Прощай, Алиса! (СИ) - Ловыгина Маша
Сегодня Гоча был в светлой рубашке и новых джинсах. Когда приехал в хозяйский дом, думал сразу переодеться, да рабочей майки не нашел. Ведь помнил же, что положил рядом с мангальной, а сегодня, глянь, нет ее. И ладно, другую из дома возьмет, старое свое барахло хоть на помойку выноси, а все одно, сгодится. За три года, как у Бражникова работает, сам себя уважать научился. Вот что дорого!
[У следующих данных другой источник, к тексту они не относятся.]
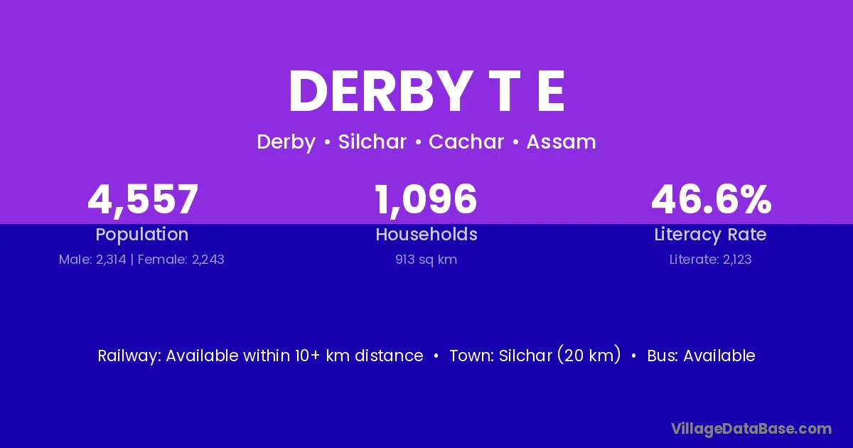 Silchar (20 km) is the nearest town to Derby T E village for major economic activities and is located approximately 20 km away.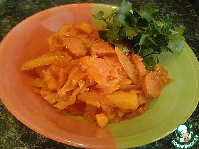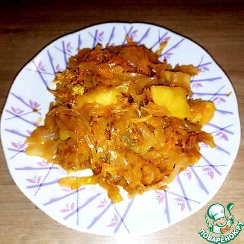 Добавить нашинкованную соломкой капусту и тушить до готовности. Посолить в конце приготовления. Если вам покажется, что вы налили мало масла его можно долить позже.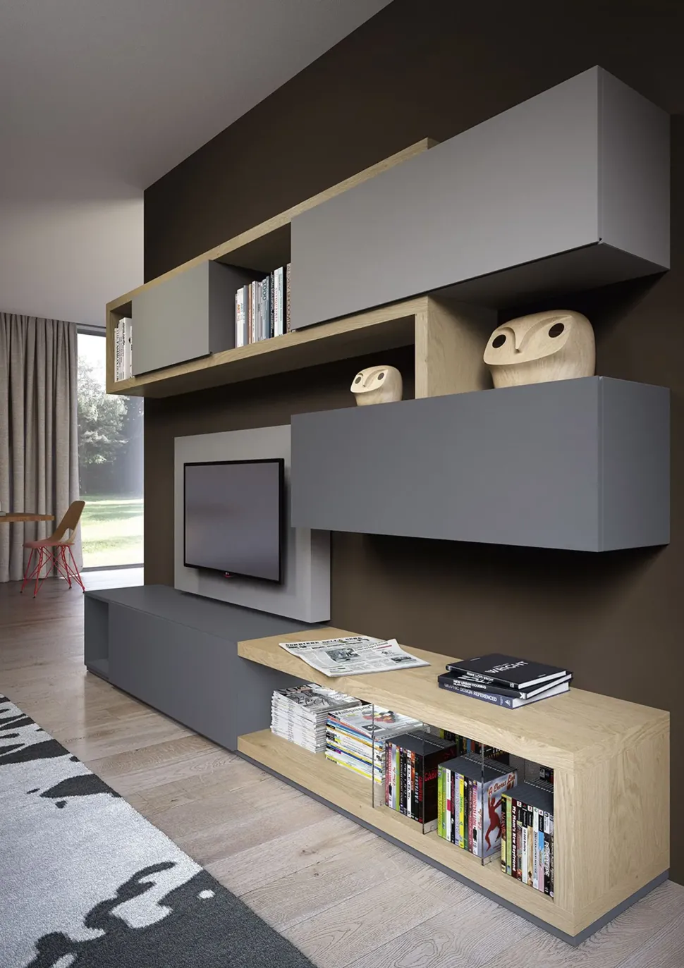 - I mobili e complementi per il living consentono di customizzare lo spazio creando particolari atmosfere: se desideri un soggiorno design, la parete attrezzata nell’immagine è l’ideale.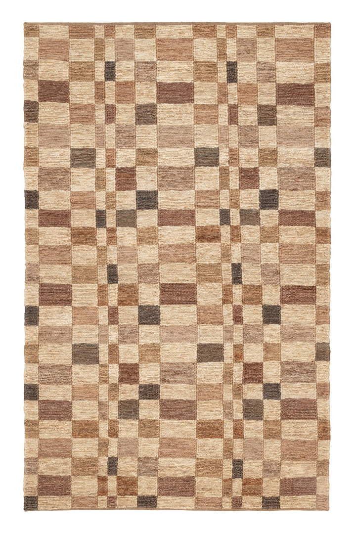 Connect to the earth with the relaxed aesthetic of a foundational rug, embodying a legacy of quality craftsmanship and elegant modernity. Soothing shades of calm, inspired by nature's harmony, form a bold rhythmic geometric composition. Durably woven with sustainable jute in a deeply textured, playful variegated patchwork. Timeless and contemporary, free-spirited and modern, this hard-working beauty is offered in a sophisticated palette of mineral-rich neutrals. Designed for us by Marie Flanigan, an award-winning interior designer, to reflect her signature style of timeless elegance and innovative simplicity.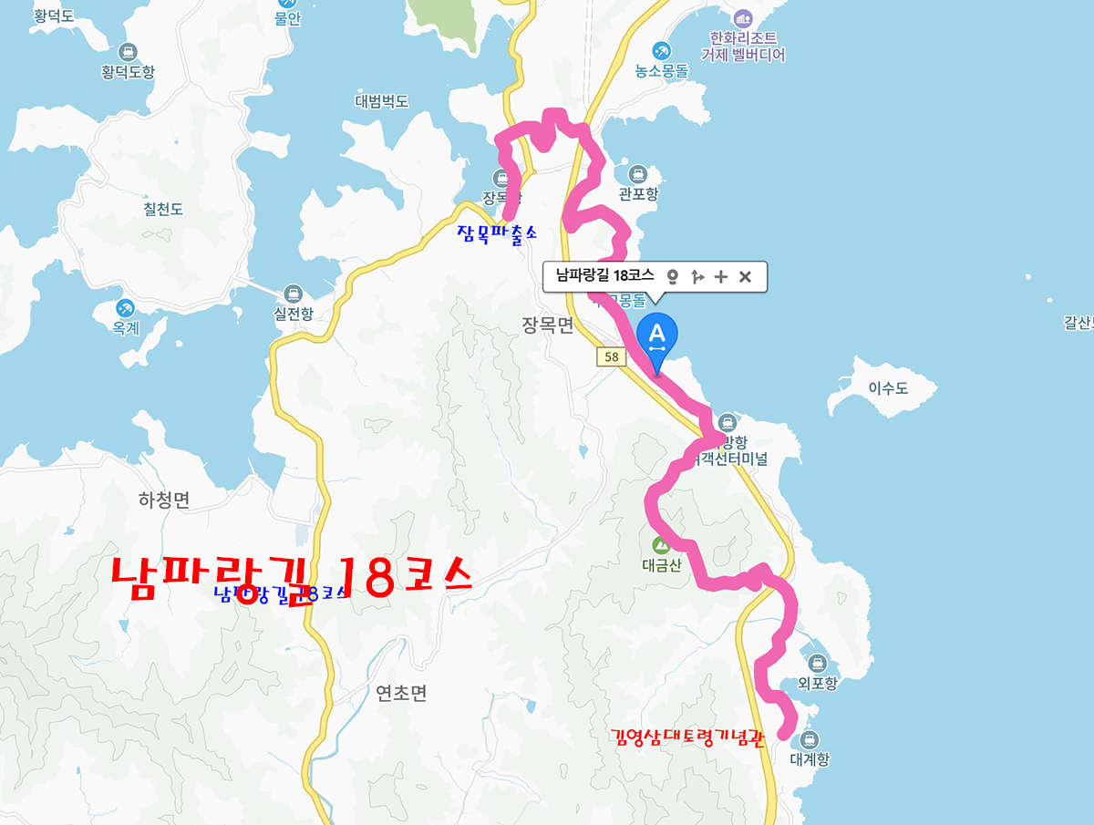 남파랑길 거제 18코스 구간은 거제 장목파출소 앞에서

Так и о женитьбе задумаешься, чтоб все как у людей! Жаль, Алиску ему как своих ушей не видать. Вот краля так краля, не чета Таньке-то… Но тут уж понятно, царь-рыба! Не по его зубам. Ходи да вздыхай.
Мать ее, Альбина, конечно, учудила, ничего не скажешь. Пьяная с лестницы упала! И зачем ее только хозяин рядом держит? Разве ж то женщина? Одно название. Красивая, конечно, но…
Гоча стер ладонью улыбку со своего лица и покачал головой. Бог с ней, с Альбиной-то. Об Алиске надо думать. Вишь, стервозина что удумала! Свалить от бати решила. Танька, может, всей правды и не знает, да одно уже понятно: коли Алиска думала, примерялась, значит, и сделать могла. Вот ведь дура безголовая! И она, и Танька! Той достаточно было, чтобы он ее в кафе в центре пригласил. Поплыла! Кабы не мать, можно было бы ее там же, в доме-то и завалить…
Где же Алиска, принцесса ненаглядная? Что Виктору Алексеевичу сказать?
Гоча покрутил в руке телефон и, когда уже хотел положить его на соседнее сидение, раздался звонок от Бражникова.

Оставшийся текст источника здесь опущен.